Exercise details: Copy out each line below verbatim, skipping any picture.

----- Collected data -----

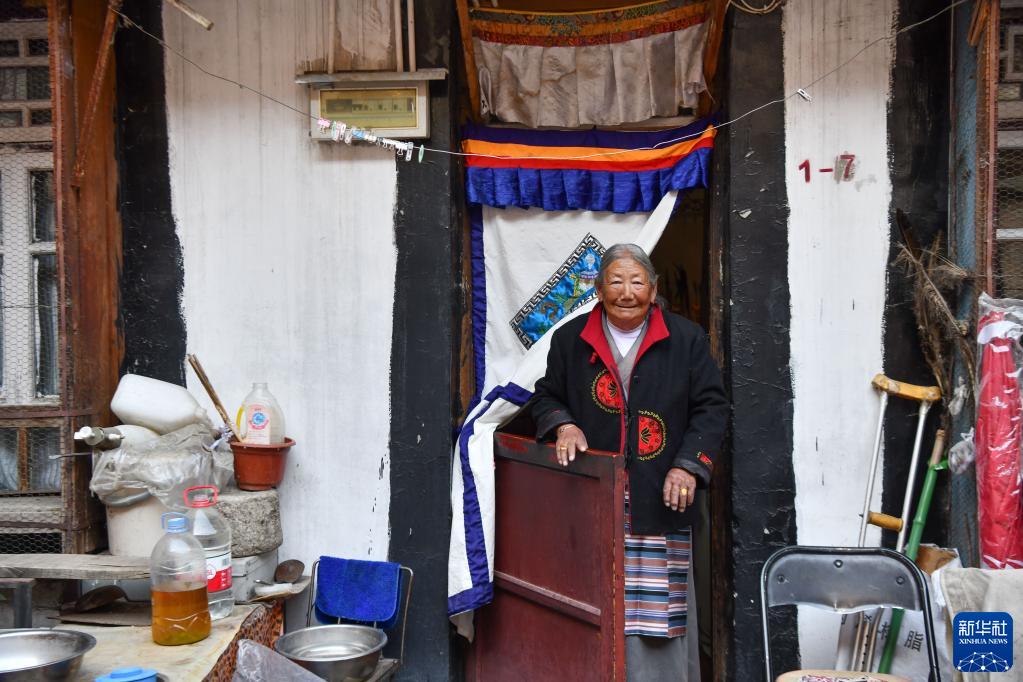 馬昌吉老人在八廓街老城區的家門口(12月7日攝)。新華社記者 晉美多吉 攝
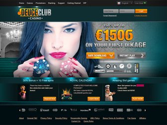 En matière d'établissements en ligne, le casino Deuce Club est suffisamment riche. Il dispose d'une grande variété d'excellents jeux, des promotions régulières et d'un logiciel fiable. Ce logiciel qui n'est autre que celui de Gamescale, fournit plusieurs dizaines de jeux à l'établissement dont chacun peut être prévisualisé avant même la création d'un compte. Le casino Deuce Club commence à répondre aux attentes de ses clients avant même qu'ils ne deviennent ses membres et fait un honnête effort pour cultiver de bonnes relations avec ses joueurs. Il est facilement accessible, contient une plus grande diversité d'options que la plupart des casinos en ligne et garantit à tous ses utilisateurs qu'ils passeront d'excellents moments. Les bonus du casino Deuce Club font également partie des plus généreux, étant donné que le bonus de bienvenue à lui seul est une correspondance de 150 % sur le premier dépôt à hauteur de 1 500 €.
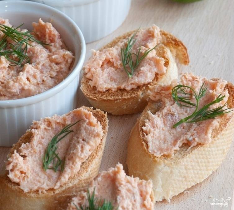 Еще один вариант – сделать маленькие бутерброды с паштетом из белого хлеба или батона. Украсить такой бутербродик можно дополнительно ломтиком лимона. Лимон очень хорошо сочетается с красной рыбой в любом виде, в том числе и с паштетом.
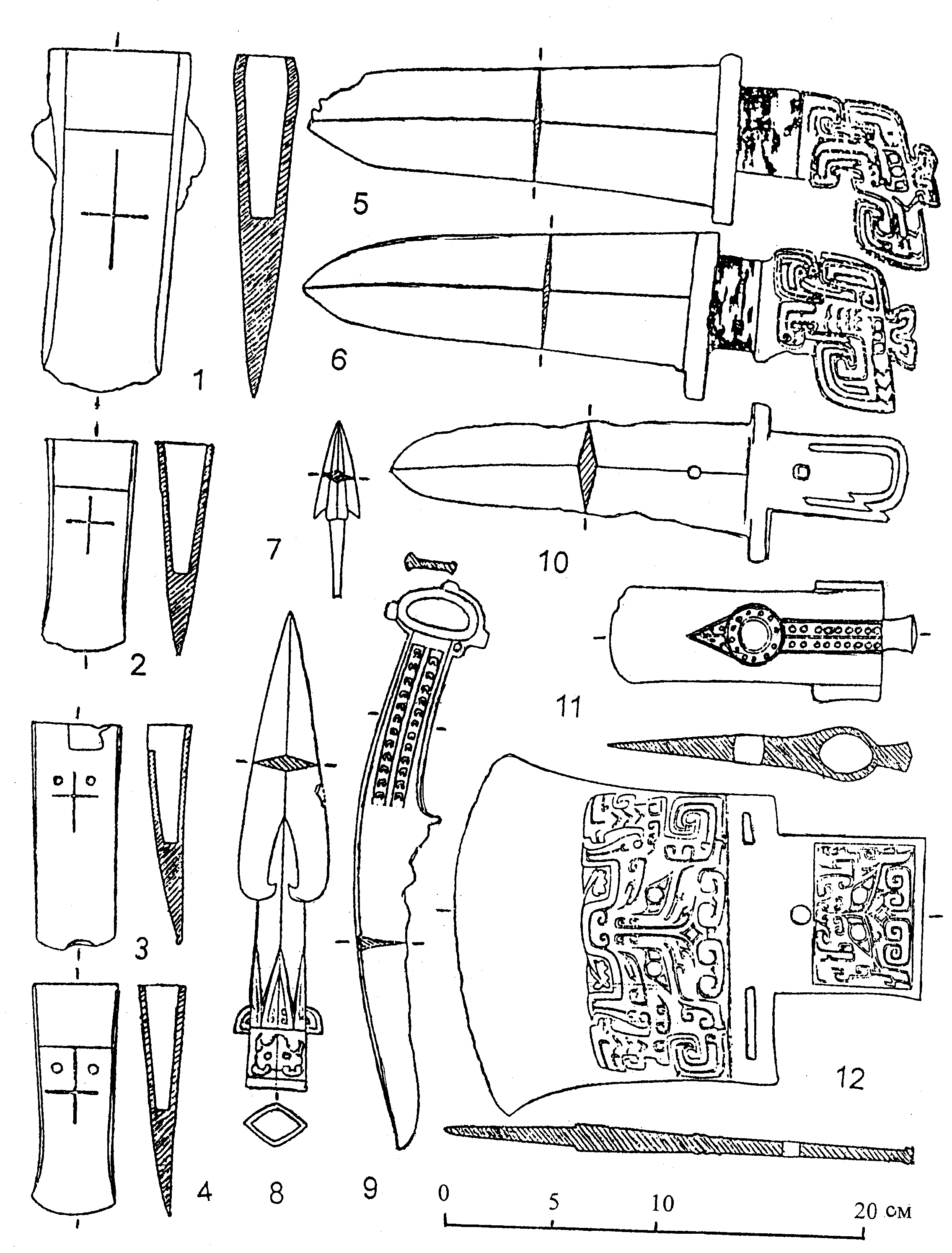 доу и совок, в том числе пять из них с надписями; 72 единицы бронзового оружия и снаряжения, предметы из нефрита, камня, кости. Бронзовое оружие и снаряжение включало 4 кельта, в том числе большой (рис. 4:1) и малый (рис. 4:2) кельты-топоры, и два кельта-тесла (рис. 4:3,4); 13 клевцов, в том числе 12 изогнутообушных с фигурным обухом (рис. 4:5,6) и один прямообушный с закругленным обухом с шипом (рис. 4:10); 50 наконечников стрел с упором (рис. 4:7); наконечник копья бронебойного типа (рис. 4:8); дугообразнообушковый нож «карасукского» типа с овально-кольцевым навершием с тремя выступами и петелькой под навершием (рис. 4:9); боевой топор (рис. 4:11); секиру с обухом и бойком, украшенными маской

-----

Exercise response:
 馬昌吉老人在八廓街老城區的家門口(12月7日攝)。新華社記者 晉美多吉 攝
 En matière d'établissements en ligne, le casino Deuce Club est suffisamment riche. Il dispose d'une grande variété d'excellents jeux, des promotions régulières et d'un logiciel fiable. Ce logiciel qui n'est autre que celui de Gamescale, fournit plusieurs dizaines de jeux à l'établissement dont chacun peut être prévisualisé avant même la création d'un compte. Le casino Deuce Club commence à répondre aux attentes de ses clients avant même qu'ils ne deviennent ses membres et fait un honnête effort pour cultiver de bonnes relations avec ses joueurs. Il est facilement accessible, contient une plus grande diversité d'options que la plupart des casinos en ligne et garantit à tous ses utilisateurs qu'ils passeront d'excellents moments. Les bonus du casino Deuce Club font également partie des plus généreux, étant donné que le bonus de bienvenue à lui seul est une correspondance de 150 % sur le premier dépôt à hauteur de 1 500 €.
 Еще один вариант – сделать маленькие бутерброды с паштетом из белого хлеба или батона. Украсить такой бутербродик можно дополнительно ломтиком лимона. Лимон очень хорошо сочетается с красной рыбой в любом виде, в том числе и с паштетом.
 доу и совок, в том числе пять из них с надписями; 72 единицы бронзового оружия и снаряжения, предметы из нефрита, камня, кости. Бронзовое оружие и снаряжение включало 4 кельта, в том числе большой (рис. 4:1) и малый (рис. 4:2) кельты-топоры, и два кельта-тесла (рис. 4:3,4); 13 клевцов, в том числе 12 изогнутообушных с фигурным обухом (рис. 4:5,6) и один прямообушный с закругленным обухом с шипом (рис. 4:10); 50 наконечников стрел с упором (рис. 4:7); наконечник копья бронебойного типа (рис. 4:8); дугообразнообушковый нож «карасукского» типа с овально-кольцевым навершием с тремя выступами и петелькой под навершием (рис. 4:9); боевой топор (рис. 4:11); секиру с обухом и бойком, украшенными маской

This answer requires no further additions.